Exact reproduction of the listing is required. Pictures are not reproduced.

- INFORMATION PROVIDED
■ ■ ■ ■ ■ ■ ■

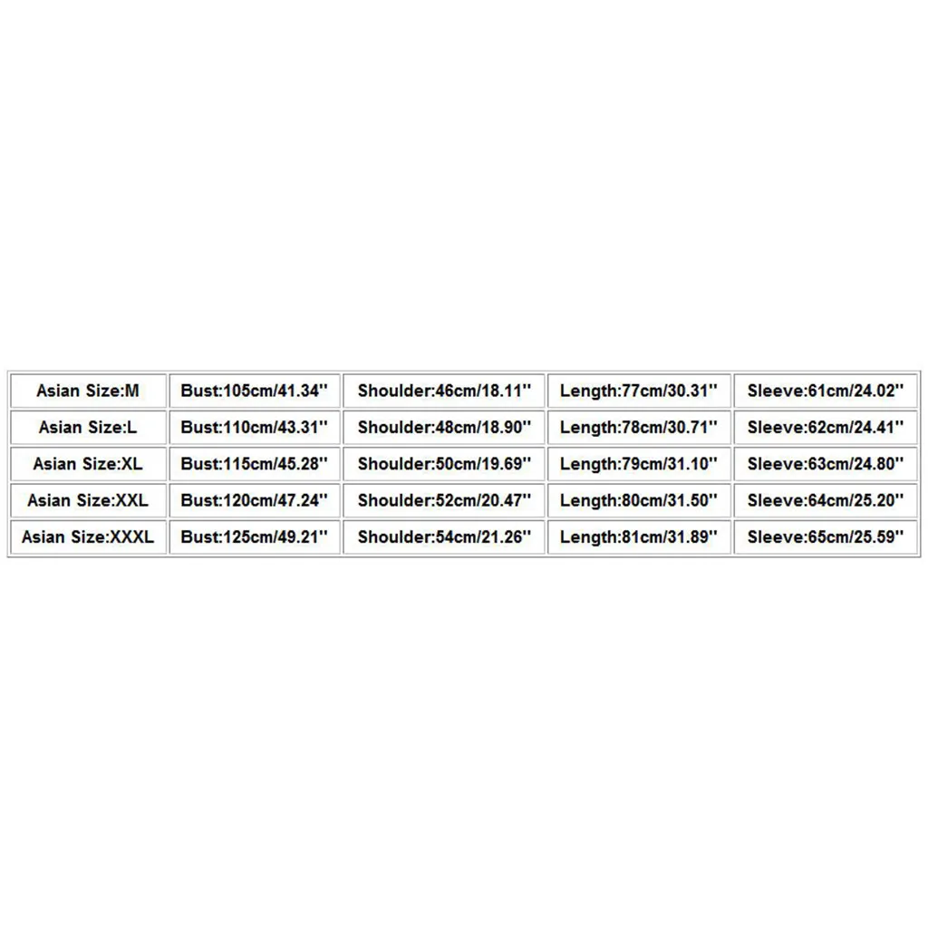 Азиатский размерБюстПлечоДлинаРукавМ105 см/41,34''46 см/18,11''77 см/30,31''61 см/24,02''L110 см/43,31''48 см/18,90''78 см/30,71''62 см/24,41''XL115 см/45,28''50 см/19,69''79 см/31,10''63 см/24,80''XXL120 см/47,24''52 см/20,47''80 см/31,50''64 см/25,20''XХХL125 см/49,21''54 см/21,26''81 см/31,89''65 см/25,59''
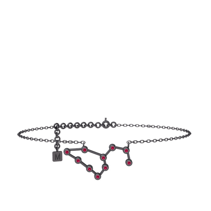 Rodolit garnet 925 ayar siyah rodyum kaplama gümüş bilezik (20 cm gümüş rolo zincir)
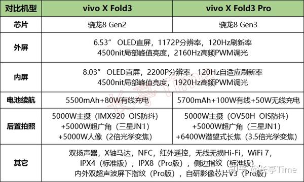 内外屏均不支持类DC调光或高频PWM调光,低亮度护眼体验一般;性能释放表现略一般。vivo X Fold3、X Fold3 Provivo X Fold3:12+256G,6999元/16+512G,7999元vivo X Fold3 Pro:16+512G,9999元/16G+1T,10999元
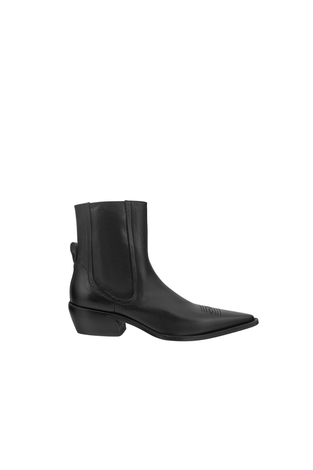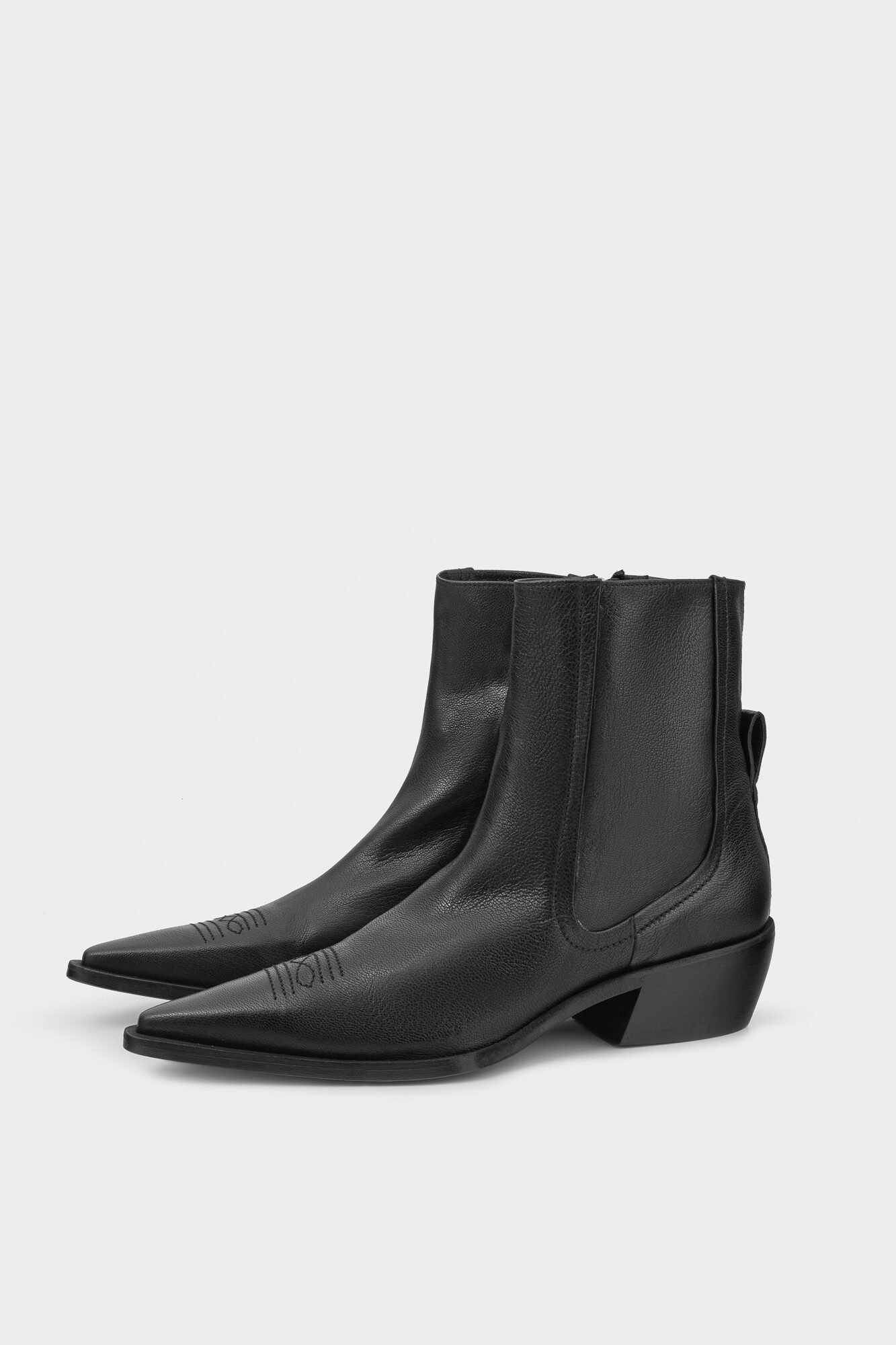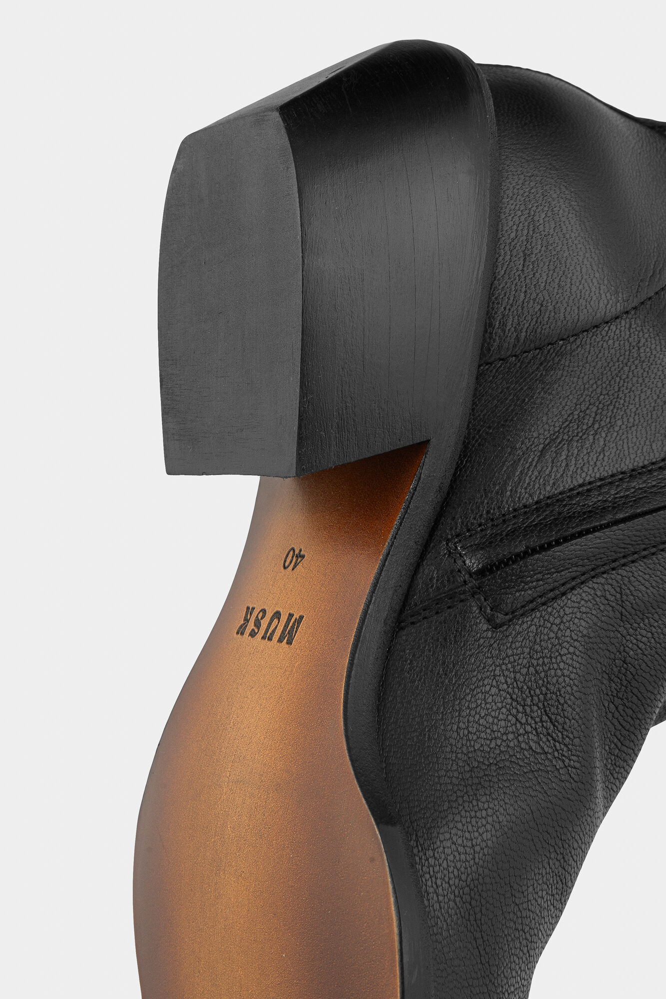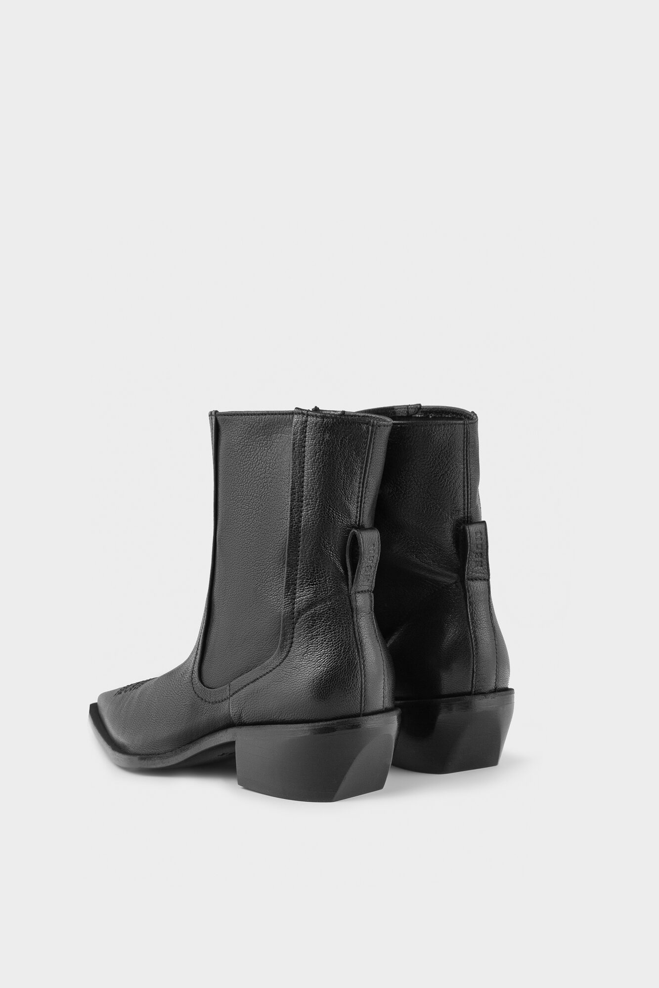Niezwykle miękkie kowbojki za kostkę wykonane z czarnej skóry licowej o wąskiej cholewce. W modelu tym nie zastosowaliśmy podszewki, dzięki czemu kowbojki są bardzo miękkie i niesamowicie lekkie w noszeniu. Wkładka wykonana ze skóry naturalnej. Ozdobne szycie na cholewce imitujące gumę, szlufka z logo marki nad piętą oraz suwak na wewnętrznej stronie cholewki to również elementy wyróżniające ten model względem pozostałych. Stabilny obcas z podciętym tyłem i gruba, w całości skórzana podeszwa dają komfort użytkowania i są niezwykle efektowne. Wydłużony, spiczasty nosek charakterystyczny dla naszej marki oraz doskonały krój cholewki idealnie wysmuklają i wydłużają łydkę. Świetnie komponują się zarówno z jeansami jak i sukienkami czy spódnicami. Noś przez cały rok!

■ ■ ■ ■ ■ ■ ■

- ANSWER BELOW
 Азиатский размерБюстПлечоДлинаРукавМ105 см/41,34''46 см/18,11''77 см/30,31''61 см/24,02''L110 см/43,31''48 см/18,90''78 см/30,71''62 см/24,41''XL115 см/45,28''50 см/19,69''79 см/31,10''63 см/24,80''XXL120 см/47,24''52 см/20,47''80 см/31,50''64 см/25,20''XХХL125 см/49,21''54 см/21,26''81 см/31,89''65 см/25,59''
 Rodolit garnet 925 ayar siyah rodyum kaplama gümüş bilezik (20 cm gümüş rolo zincir)
 内外屏均不支持类DC调光或高频PWM调光,低亮度护眼体验一般;性能释放表现略一般。vivo X Fold3、X Fold3 Provivo X Fold3:12+256G,6999元/16+512G,7999元vivo X Fold3 Pro:16+512G,9999元/16G+1T,10999元
Niezwykle miękkie kowbojki za kostkę wykonane z czarnej skóry licowej o wąskiej cholewce. W modelu tym nie zastosowaliśmy podszewki, dzięki czemu kowbojki są bardzo miękkie i niesamowicie lekkie w noszeniu. Wkładka wykonana ze skóry naturalnej. Ozdobne szycie na cholewce imitujące gumę, szlufka z logo marki nad piętą oraz suwak na wewnętrznej stronie cholewki to również elementy wyróżniające ten model względem pozostałych. Stabilny obcas z podciętym tyłem i gruba, w całości skórzana podeszwa dają komfort użytkowania i są niezwykle efektowne. Wydłużony, spiczasty nosek charakterystyczny dla naszej marki oraz doskonały krój cholewki idealnie wysmuklają i wydłużają łydkę. Świetnie komponują się zarówno z jeansami jak i sukienkami czy spódnicami. Noś przez cały rok!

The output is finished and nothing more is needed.